O ministro do STF (Supremo Tribunal Federal) Marco Aurélio ficou contrariado ao ver a própria decisão veiculada equivocadamente em propaganda eleitoral do prefeito afastado e candidato à reeleição em Montes Claros (Norte de Minas), Ruy Muniz (PSB). No início do mês, o magistrado, relator de processo contra o político, concedeu habeas corpus ao postulante — até então declarado foragido da Justiça — suspeito de integrar esquema de desvio de verbas públicas. Na decisão, o relator avaliou ser “desnecessária a prisão preventiva do prefeito afastado”, uma vez que a diligência só deve ser imputada quando “medidas cautelares alternativas se mostrarem ineficazes ou insuficientes”.

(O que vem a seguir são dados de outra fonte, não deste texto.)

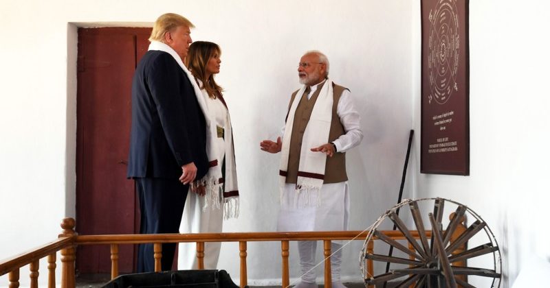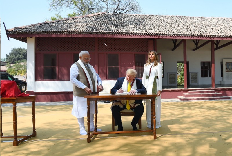 The Prime Minister, Shri Narendra Modi and the President of United States of America (USA), Mr. Donald Trump and First Lady Mrs. Melania Trump at Sabarmati Ashram, in Ahmedabad, Gujarat on February 24, 2020.

Ocorre que, em peça eleitoral veiculada no domingo (16), Ruy Muniz explora indevidamente o entendimento do ministro. “Ministro Marco Aurélio de Mello, 49° presidente do Supremo Tribunal Federal, a mais alta Corte de Justiça do Brasil. O ministro que decretou a inocência de Ruy”, afirma a narração do vídeo. A propaganda segue destacando trechos específicos da decisão do ministro e conclui que a prisão preventiva expedida pela Justiça contra o candidato — em setembro último — “foi abuso e Ruy é inocente”.
Enquanto aguarda a decisão de recurso impetrado pela defesa no TRE-MG (Tribunal Regional Eleitoral), Muniz fica autorizado a concorrer ao segundo turno das eleições municipais em Montes Claros. Ele disputa o pleito contra Humberto Souto (PPS).
Contrariado
Em ofício encaminhado ao procurador-geral da República, Rodrigo Janot, o ministro Marco Aurélio identifica indício de falsidade ideológica na propaganda política do Ruy Muniz e expressa descontentamento com a exploração indevida da decisão cautelar. “Em propaganda eleitoral, deu-se a entender que se teria assentado a inocência de possível envolvido em prática criminosa”, avalia. A reportagem teve acesso à correspondência encaminhada à Procuradoria-Geral da República (PGR) na última terça-feira (18). O gabinete do ministro Marco Aurélio atestou a autenticidade do documento.
Falsidade ideológica
Questionada sobre, em eventual denúncia, quais seriam os crimes imputados ao candidato Ruy Muniz em razão da distorção da decisão judicial do ministro Marco Aurélio, a assessoria da Procuradora-Geral da República se limitou a afirmar que “não se manifestaria sobre casos em andamento”.
Contudo, conforme defendeu Marco Aurélio no documento e rege o artigo 299 do Código Penal Brasileiro — que tipifica a conduta de “inserir declaração falsa ou diversa, em documento público ou privado, com o fim de alterar a verdade sobre fato juridicamente relevante — Ruy Muniz poderia ser enquadrado no crime de falsidade ideológica. A pena prevista para alteração de informações em documento privado, a exemplo da peça publicitária eleitoral veiculada pela candidatura, seria pena reclusão de um a três anos, e multa.
A assessoria do STF confirmou que o ofício encaminhado à PGR tem o objetivo de acionar o procurador-geral da República, Rodrigo Janot, para que seja tomada providências sobre o uso indevido da imagem do ministro, bem como a distorção da decisão judicial.